* [Brief]:
Your task is to find every line in the records that holds the string "from" and copy it.

* [Material provided]:

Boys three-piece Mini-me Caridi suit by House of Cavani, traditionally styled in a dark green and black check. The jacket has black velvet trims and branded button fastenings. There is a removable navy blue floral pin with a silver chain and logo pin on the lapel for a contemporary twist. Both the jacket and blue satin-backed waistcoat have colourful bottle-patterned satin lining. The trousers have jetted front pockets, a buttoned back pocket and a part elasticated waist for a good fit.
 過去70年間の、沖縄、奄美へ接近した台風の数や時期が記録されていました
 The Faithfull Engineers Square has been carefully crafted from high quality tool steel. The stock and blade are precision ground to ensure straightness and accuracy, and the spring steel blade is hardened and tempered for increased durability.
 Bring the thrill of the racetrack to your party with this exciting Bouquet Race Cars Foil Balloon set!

--

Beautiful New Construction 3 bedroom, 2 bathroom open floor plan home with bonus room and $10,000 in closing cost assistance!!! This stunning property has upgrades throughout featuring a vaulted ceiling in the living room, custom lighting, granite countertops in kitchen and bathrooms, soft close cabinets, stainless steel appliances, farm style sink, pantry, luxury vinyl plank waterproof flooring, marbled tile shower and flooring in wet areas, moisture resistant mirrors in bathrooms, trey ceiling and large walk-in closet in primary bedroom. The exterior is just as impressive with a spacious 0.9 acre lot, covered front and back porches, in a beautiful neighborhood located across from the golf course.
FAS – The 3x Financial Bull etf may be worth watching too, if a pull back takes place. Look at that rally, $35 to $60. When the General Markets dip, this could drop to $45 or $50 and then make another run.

* [Response to this exercise]:
 The Faithfull Engineers Square has been carefully crafted from high quality tool steel. The stock and blade are precision ground to ensure straightness and accuracy, and the spring steel blade is hardened and tempered for increased durability.
Beautiful New Construction 3 bedroom, 2 bathroom open floor plan home with bonus room and $10,000 in closing cost assistance!!! This stunning property has upgrades throughout featuring a vaulted ceiling in the living room, custom lighting, granite countertops in kitchen and bathrooms, soft close cabinets, stainless steel appliances, farm style sink, pantry, luxury vinyl plank waterproof flooring, marbled tile shower and flooring in wet areas, moisture resistant mirrors in bathrooms, trey ceiling and large walk-in closet in primary bedroom. The exterior is just as impressive with a spacious 0.9 acre lot, covered front and back porches, in a beautiful neighborhood located across from the golf course.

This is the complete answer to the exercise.